Художник окинул господина Бетрея долгим взглядом. Глава мены показался ему в этот миг огромной не сдвигаемой скалой, попирающей мягкую и скудную огородную почву.

И не Иванушкину скалу эту сдвинуть. Нет, не Иванушкину.

Пришлось огороднику заплатить сто фик, сберегаемые на черный день, за разовый пропуск в Консерву, и отправиться в штаб-квартиру ТОИ. Пробираясь по ярко освещенным улицам со связкой картин под мышкой, пониже надвинув капюшон старой куртки, Ив недоуменно оглядывался по сторонам. Яркая реклама, нарядные женщины, золоченые кареты, упитанные, ленивые лошади с блестящей, как масло, шкурой, заманчивые входы в кафе и бары, а главное ощущение веселой непринужденности и неутомленности поразило Иванушкина. В Консерве Ив не бывал с детства. Тогда еще не было саркофага, бизеров и веселой публики, был агонизирующий город, пытавшийся сохранить слабые искорки жизни. Теперь Иванушкин с трудом узнавал под слоем краски и позолоты полуразрушенные и загаженные дома. Они казались ненастоящими в своей ухоженной конфетной красоте.

Спуск в подвальчик освещался полыханьем трех красных букв "ТОИ". Иванушкин нащупал в кармане записку на обрывке оберточной бумаги.

"Богиня ресьюрекшен, подсоби мужичку. Дина".

Ив с болезненной гримасой выбросил бумажку в урну и решительно двинулся по ступеням вниз.

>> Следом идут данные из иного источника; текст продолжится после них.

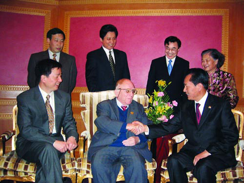 Approaching the year 2005, with leaders of the China International Publishing Group: Cai Mingzhao (first right, front), Vice Minister of the State Council Information Office and President of China International Publishing Group, vice presidents Zhou Mingwei (first left, front), Guo Xiaoyong (second left, rear), Huang Youyi (second right, rear ) and Qi Pingjing (first left, rear).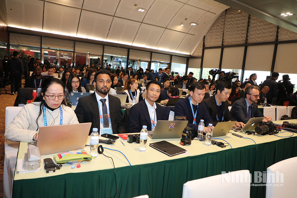 Các phóng viên trong nước và quốc tế tác nghiệp tại họp báo.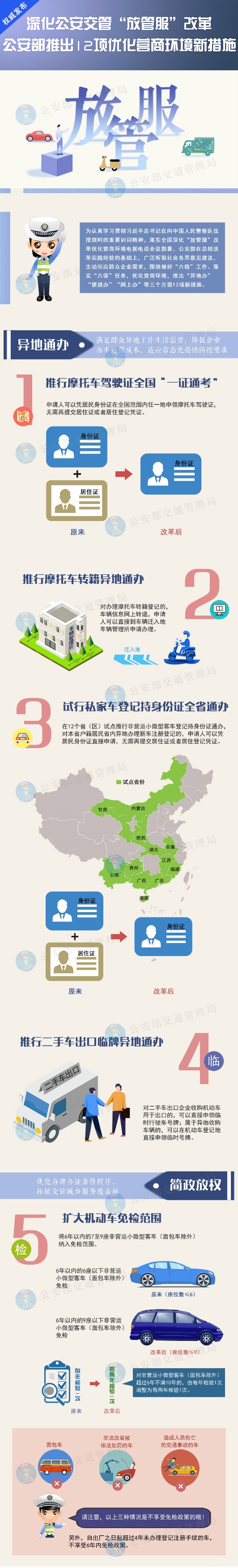 ——試行私家車(chē)登記持身份證全省通辦,在12個(gè)省(區(qū))試點(diǎn)推行非營(yíng)運(yùn)小微型客車(chē)登記持身份證通辦,對(duì)本省戶(hù)籍居民省內(nèi)異地辦理新車(chē)注冊(cè)登記的,申請(qǐng)人可以憑居民身份證直接申請(qǐng),無(wú)需再提交居住證或者居住登記憑證。

А дальше… Тьма. Ничего. Что случилось там, в подвале, Ив не помнил. Спустился и… вышел назад. Должен был выйти. Вернулся в огороды. Должен был вернуться. Без картин… это точно. А потом… потом… О Великие огороды! Потом он пошел на мену! Как-то само собой созрело решение: идти на мену — и все…

Да, да, он был на мене! О Великие огороды! Он был на мене!

…В то утро Иванушкин встал до света, собирался в темноте, стараясь не шуметь и не разбудить Дину. Но она уже не спала — Иванушкин это чувствовал — лежала очень тихо. Понимала: сейчас лучше ничего не говорить. И он ей был благодарен почти до слез за это понимание.

Лишь, когда он был уже в дверях, крикнула вместо прощания:

— Как выйдешь с мены, голову теплым шарфом укутай. Говорят, если голову шарфом обернуть, то как будто там и не был!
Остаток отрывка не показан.